Отстранив егерей, он своей рогатиной прощупал берлогу.

- Да его там в помине нет, - сказал насмешливо. - Эх вы, растяпы! Упустили зверя.

- Третьего дни еще был, - сконфуженно произнес егерь. - Неужто проснулся и ушел? Тогда беда. Медведь-шатун - сатана леса.

Старков поднялся и, скрываясь за деревьями, кустами, где, пригибаясь, где чуть не ползком, стал пробираться к охотникам.

Новый близкий шум ударил по нервам. Он припал к земле.

Прямо на него - так показалось с испугу - пер огромный медведь. Он то ковылял на всех косых четырех, то вставал на задние лапы, издавая глухое, клокочущее рычание, с тоскливым, жалобным подвывом.

Ему по пути попался куст калины с пунцовыми ягодами. Голодный зверь начал объедать ягоды, затем вырвал куст из земли и стал пожирать ветви, смерзшиеся комья снега, корни с землей.

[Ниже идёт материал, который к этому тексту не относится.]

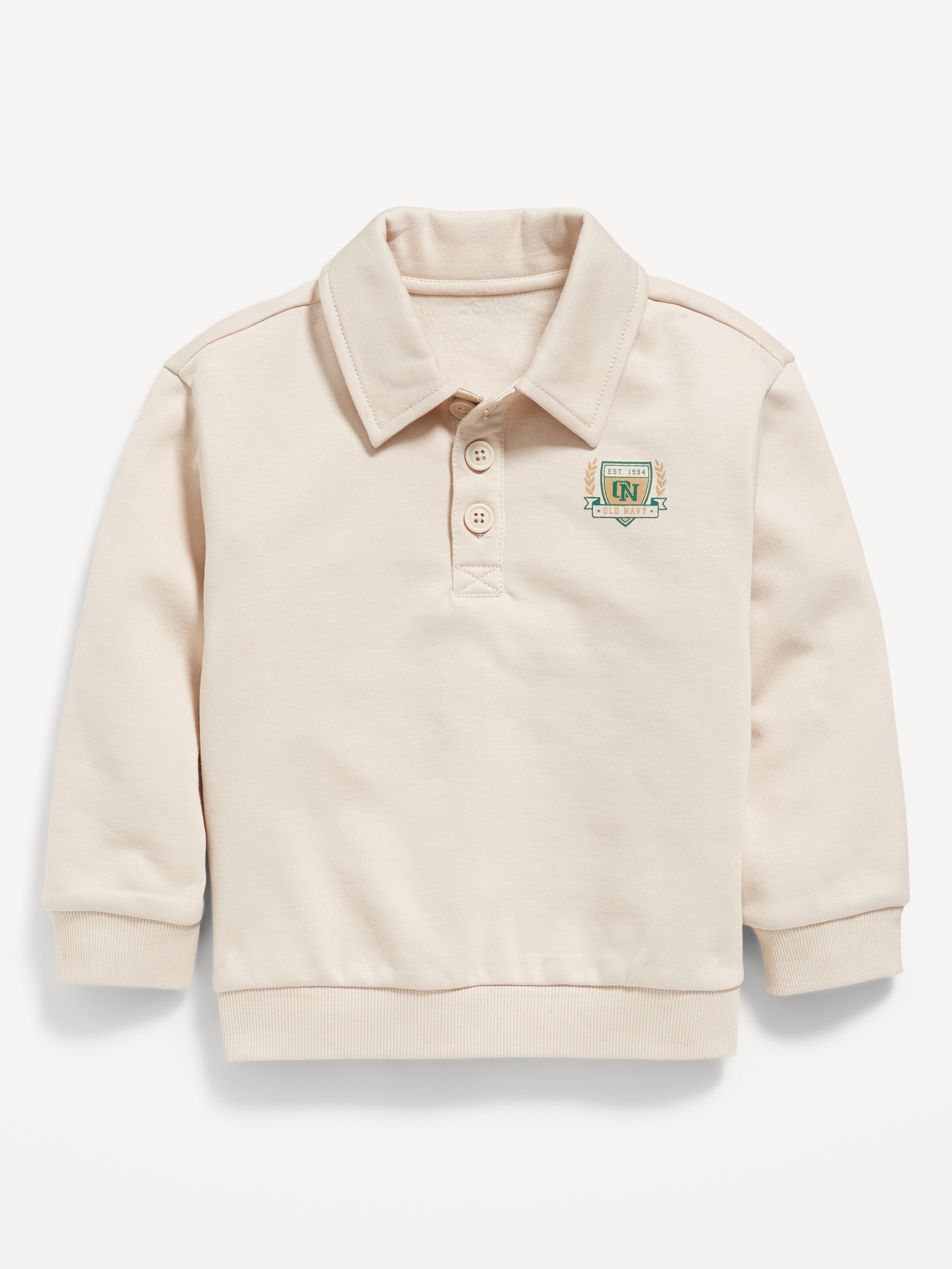 Oversized Logo-Graphic Collared Sweatshirt for Toddler Boys: pointed collar, long sleeves, three-button placket, small-scale logo graphic at chest, #787811

Охотники услышали медведя.

- Идет! - с почтительным трепетом сказал старший егерь. - Шатун. Ох и лют голодный медведь!

- А верно, что он гвозди глотает, подковы? - спокойно спросил Великий князь.

- Хушь топор, хушь бритву, - подтвердил старший егерь. - Ему лишь бы брюхо пустое набить. На шатуна с рогатиной не ходят. Мы его жаканом возьмем или картечью.